═════ INFORMATION SUPPLIED ═════
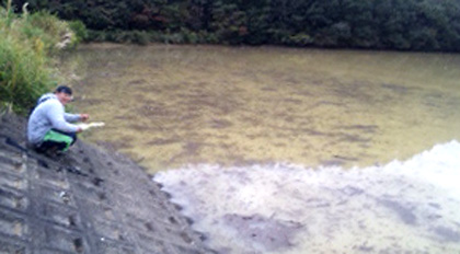 深刻な被害状況。池の濁りはどこともこんな感じヽ(´Д`;≡;´Д`)ノ
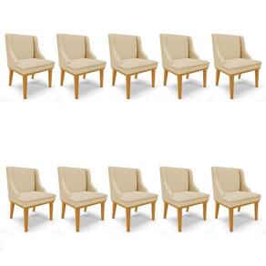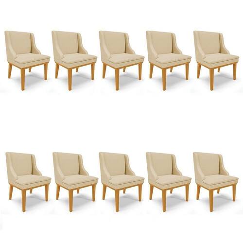 Para quem busca conforto, beleza e qualidade, vem conhecer o Kit 10 Cadeiras Estofadas para Sala de Jantar Base Fixa de Madeira Castanho Lia Veludo Off White, da Ibiza!
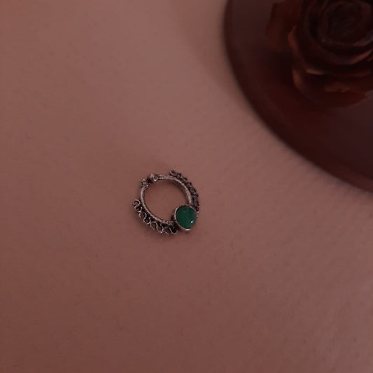 Green Spade Shaped Small Stone Oxidized Clip-on Nosepin
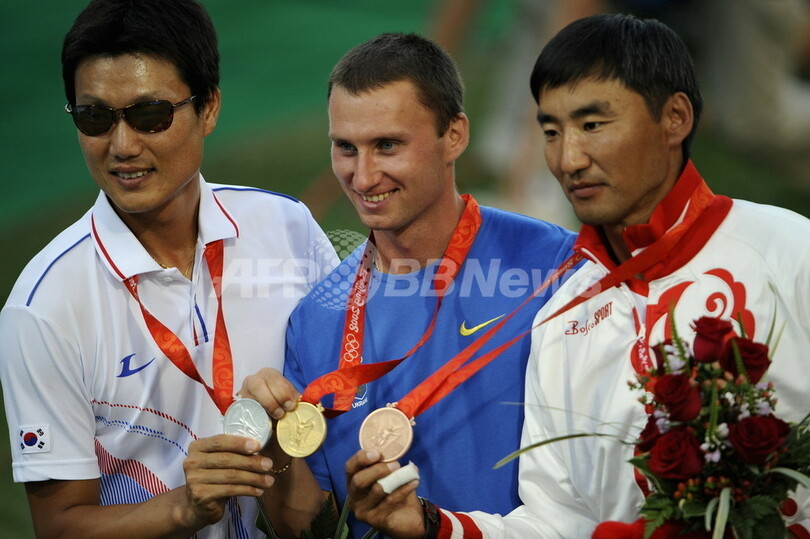 五輪 ルーバン アーチェリー男子個人で金メダルを獲得 2008年8月15日 20:47 発信地:北京/中国 [ 中国・台湾 中国 ] このニュースをシェア アーチェリー男子個人決勝の表彰式に臨む(左から)銀メダルの朴敬模、金メダルのビクトール・ルーバン、銅メダルのバイル・バデノフ(%%Bair Badenov%%)。(2008年8月15日撮影)(c)AFP/FRANCK FIFE 【8月15日 AFP】北京五輪第8日、アーチェリー男子個人決勝。ウクライナのビクトール・ルーバン(Viktor Urban)は、韓国の朴敬模(Kyung-Mo Park、パク・キョンモ)と対戦。ルーバンは113-112で朴を下し、金メダルを獲得した。(c)AFP 五輪 一覧へ> メディア・報道関係・法人の方向け 写真・動画 購入のお問合せ>
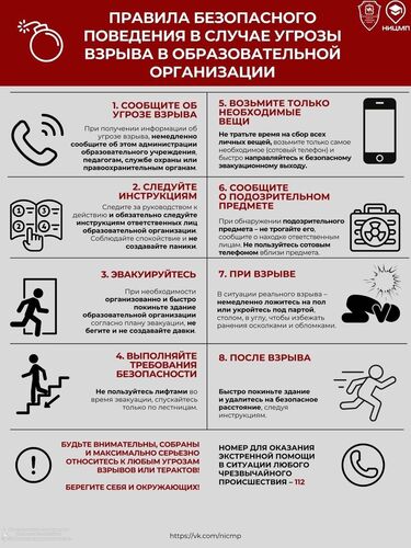 Не допускайте паники, истерики и спешки. Помещение покидайте организованно.
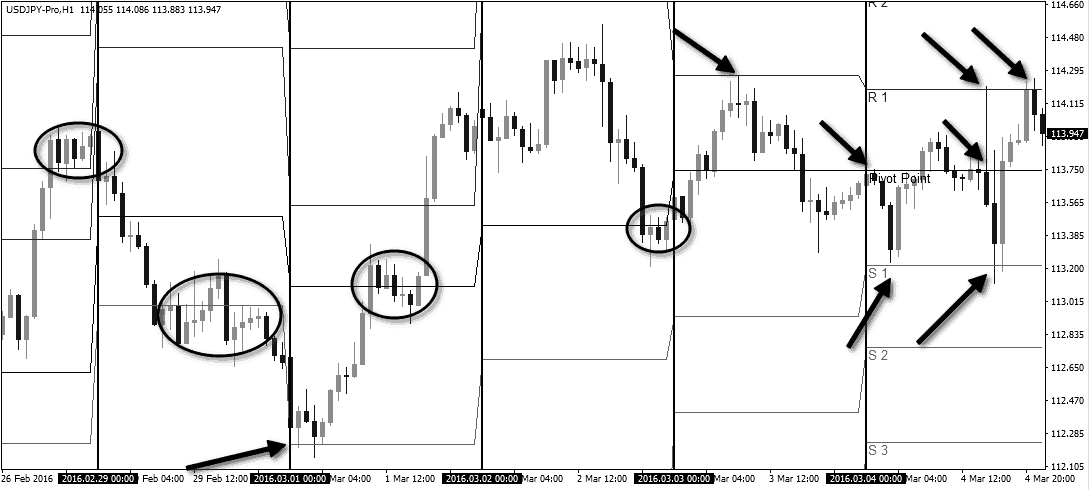 Кружки показывают моменты, когда цена консолидируется в области точек разворота. Стрелки показывают моменты, когда цена находит поддержку или сопротивление возле отмеченных уровней.
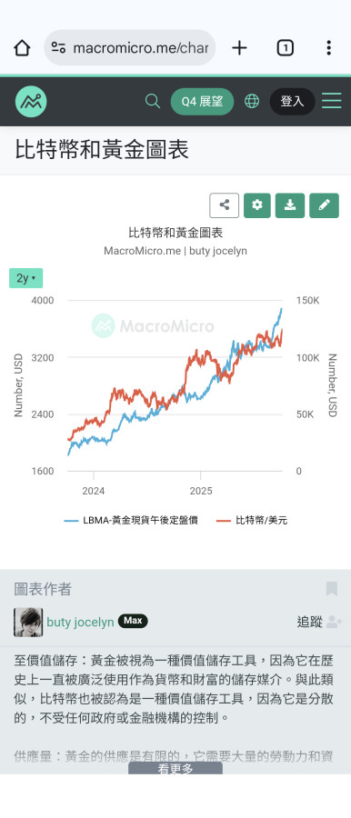 回覆 雄大:黃金跟比特幣相對關係70%一樣30%是相...
═════
AIM OF THE TASK: Pictures are to be left out; everything else in the records gets retyped exactly.

SOLUTION TO THIS PROBLEM:
 深刻な被害状況。池の濁りはどこともこんな感じヽ(´Д`;≡;´Д`)ノ
 Para quem busca conforto, beleza e qualidade, vem conhecer o Kit 10 Cadeiras Estofadas para Sala de Jantar Base Fixa de Madeira Castanho Lia Veludo Off White, da Ibiza!
 Green Spade Shaped Small Stone Oxidized Clip-on Nosepin
 五輪 ルーバン アーチェリー男子個人で金メダルを獲得 2008年8月15日 20:47 発信地:北京/中国 [ 中国・台湾 中国 ] このニュースをシェア アーチェリー男子個人決勝の表彰式に臨む(左から)銀メダルの朴敬模、金メダルのビクトール・ルーバン、銅メダルのバイル・バデノフ(%%Bair Badenov%%)。(2008年8月15日撮影)(c)AFP/FRANCK FIFE 【8月15日 AFP】北京五輪第8日、アーチェリー男子個人決勝。ウクライナのビクトール・ルーバン(Viktor Urban)は、韓国の朴敬模(Kyung-Mo Park、パク・キョンモ)と対戦。ルーバンは113-112で朴を下し、金メダルを獲得した。(c)AFP 五輪 一覧へ> メディア・報道関係・法人の方向け 写真・動画 購入のお問合せ>
 Не допускайте паники, истерики и спешки. Помещение покидайте организованно.
 Кружки показывают моменты, когда цена консолидируется в области точек разворота. Стрелки показывают моменты, когда цена находит поддержку или сопротивление возле отмеченных уровней.
 回覆 雄大:黃金跟比特幣相對關係70%一樣30%是相...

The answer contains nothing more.